Alasan 'Pinjam Nama'
Dalam prospektus, manajemen J&T Global mengungkapkan alasan lebih memilih mengendalikan bisnisnya di Indonesia melalui contractual agreement ketimbang memiliki saham secara langsung di J&T Indonesia.
Itu ada kaitannya dengan aturan bisnis logistik di Indonesia yang pada intinya menyatakan bahwa, perusahaan logistik asing wajib membentuk joint venture (JV) dengan perusahaan logistik lokal jika menjalankan bisnisnya di Indonesia. Kepemilikan saham perusahaan logistik asing dalan JV itu pun dibatasi maksimal 49%.
Ketentuan yang bertujuan untuk melindungi industri logistik dalam negeri itu tertuang dalam Peraturan Presiden Nomor 49 Tahun 2021 tentang Perubahan Atas Peraturan Presiden Nomor 10 Tahun 2021 mengenai Bidang Usaha Penanaman Modal.
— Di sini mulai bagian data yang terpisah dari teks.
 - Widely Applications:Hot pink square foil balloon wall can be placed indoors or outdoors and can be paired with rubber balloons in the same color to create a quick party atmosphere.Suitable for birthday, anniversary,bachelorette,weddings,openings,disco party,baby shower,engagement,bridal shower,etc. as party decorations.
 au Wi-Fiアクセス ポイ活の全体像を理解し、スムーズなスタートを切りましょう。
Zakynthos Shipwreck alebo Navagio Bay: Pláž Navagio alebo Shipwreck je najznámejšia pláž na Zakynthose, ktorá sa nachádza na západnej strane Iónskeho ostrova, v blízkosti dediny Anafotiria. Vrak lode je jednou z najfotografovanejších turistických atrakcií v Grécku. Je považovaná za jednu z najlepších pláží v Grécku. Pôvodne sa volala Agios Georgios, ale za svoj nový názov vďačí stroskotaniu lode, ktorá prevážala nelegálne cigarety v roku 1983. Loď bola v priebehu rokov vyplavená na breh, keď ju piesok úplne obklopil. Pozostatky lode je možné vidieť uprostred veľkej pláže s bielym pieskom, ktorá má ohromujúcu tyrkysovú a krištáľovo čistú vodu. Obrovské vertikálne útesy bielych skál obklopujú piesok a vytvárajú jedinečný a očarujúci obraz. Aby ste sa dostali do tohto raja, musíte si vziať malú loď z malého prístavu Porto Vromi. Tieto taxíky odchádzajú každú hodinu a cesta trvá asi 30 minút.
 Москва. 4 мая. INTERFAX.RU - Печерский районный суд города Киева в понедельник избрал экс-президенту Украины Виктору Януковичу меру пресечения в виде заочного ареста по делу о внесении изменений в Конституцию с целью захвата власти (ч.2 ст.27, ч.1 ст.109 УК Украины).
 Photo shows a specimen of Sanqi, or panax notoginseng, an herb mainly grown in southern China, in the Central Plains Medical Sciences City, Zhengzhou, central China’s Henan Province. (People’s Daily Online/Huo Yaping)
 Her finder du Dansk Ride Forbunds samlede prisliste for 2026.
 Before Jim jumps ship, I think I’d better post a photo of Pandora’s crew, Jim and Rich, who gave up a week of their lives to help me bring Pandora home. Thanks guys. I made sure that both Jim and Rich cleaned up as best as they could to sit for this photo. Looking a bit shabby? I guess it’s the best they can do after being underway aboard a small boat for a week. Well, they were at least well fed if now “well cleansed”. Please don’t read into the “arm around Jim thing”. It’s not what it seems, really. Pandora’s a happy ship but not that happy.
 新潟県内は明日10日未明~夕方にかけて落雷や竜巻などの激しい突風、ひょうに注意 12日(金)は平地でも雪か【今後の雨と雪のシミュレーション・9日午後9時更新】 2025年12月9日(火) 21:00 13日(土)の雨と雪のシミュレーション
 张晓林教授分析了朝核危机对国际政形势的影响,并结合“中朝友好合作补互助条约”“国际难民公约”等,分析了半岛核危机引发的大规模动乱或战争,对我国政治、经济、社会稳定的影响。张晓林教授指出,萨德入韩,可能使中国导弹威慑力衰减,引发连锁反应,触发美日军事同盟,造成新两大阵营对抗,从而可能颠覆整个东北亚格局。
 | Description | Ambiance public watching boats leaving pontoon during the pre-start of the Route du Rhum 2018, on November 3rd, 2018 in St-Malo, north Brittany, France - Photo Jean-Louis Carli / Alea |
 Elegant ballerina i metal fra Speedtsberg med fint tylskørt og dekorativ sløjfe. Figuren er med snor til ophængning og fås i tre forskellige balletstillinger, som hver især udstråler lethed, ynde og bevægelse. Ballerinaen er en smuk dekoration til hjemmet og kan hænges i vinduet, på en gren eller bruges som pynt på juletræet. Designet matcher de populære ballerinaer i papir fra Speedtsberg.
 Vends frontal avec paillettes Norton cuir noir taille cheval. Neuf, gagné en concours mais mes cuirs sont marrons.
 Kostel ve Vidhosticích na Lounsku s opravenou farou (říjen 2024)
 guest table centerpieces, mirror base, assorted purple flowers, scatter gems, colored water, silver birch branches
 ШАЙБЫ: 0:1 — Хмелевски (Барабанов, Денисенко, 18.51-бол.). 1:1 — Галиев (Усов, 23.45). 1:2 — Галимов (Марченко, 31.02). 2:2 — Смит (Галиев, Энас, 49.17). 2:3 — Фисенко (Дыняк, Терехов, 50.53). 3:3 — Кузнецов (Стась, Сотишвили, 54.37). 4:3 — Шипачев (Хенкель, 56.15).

Andai skenario kepemilikan maksimal 49% terpenuhi pun perusahaan logistik asing masih wajib mengikuti Undang-undang Nomor 38 Tahun 2009 tentang Pos.
Salah satu poin penting yang diatur dalam undang-undang ini adalah, wilayah operasi perusahaan logistik asing dibatasi hanya pada ibu kota provinsi yang telah memiliki pelabuhan udara dan/atau pelabuhan laut internasional.
Adapun bunyi lengkap pasal 12 Ayat 1 undang-undang Pos itu adalah sebagai berikut.
- Wajib bekerja sama dengan Penyelenggara Pos dalam negeri;
- Melalui usaha patungan dengan mayoritas saham dimiliki Penyelenggara Pos dalam negeri;
- Penyelenggara Pos dalam negeri yang akan bekerja sama sahamnya tidak boleh dimiliki oleh warga negara atau badan usaha asing yang berafiliasi dengan Penyelenggara Pos dalam negeri;
- Penyelenggara Pos asing dan afiliasinya hanya dapat bekerja sama dengan satu Penyelenggara Pos dalam negeri.
- Kerja sama Penyelenggara Pos asing dengan Penyelenggara Pos dalam negeri dibatasi wilayah operasinyapada ibukota provinsi yang telah memiliki pelabuhan udara dan/atau pelabuhan laut internasional.
Bloomberg Technoz telah menghubungi pihak J&T Indonesia dan pihak terkait lainnya. Hingga berita ini diturunkan, belum ada tanggapan dari pihak-pihak tersebut.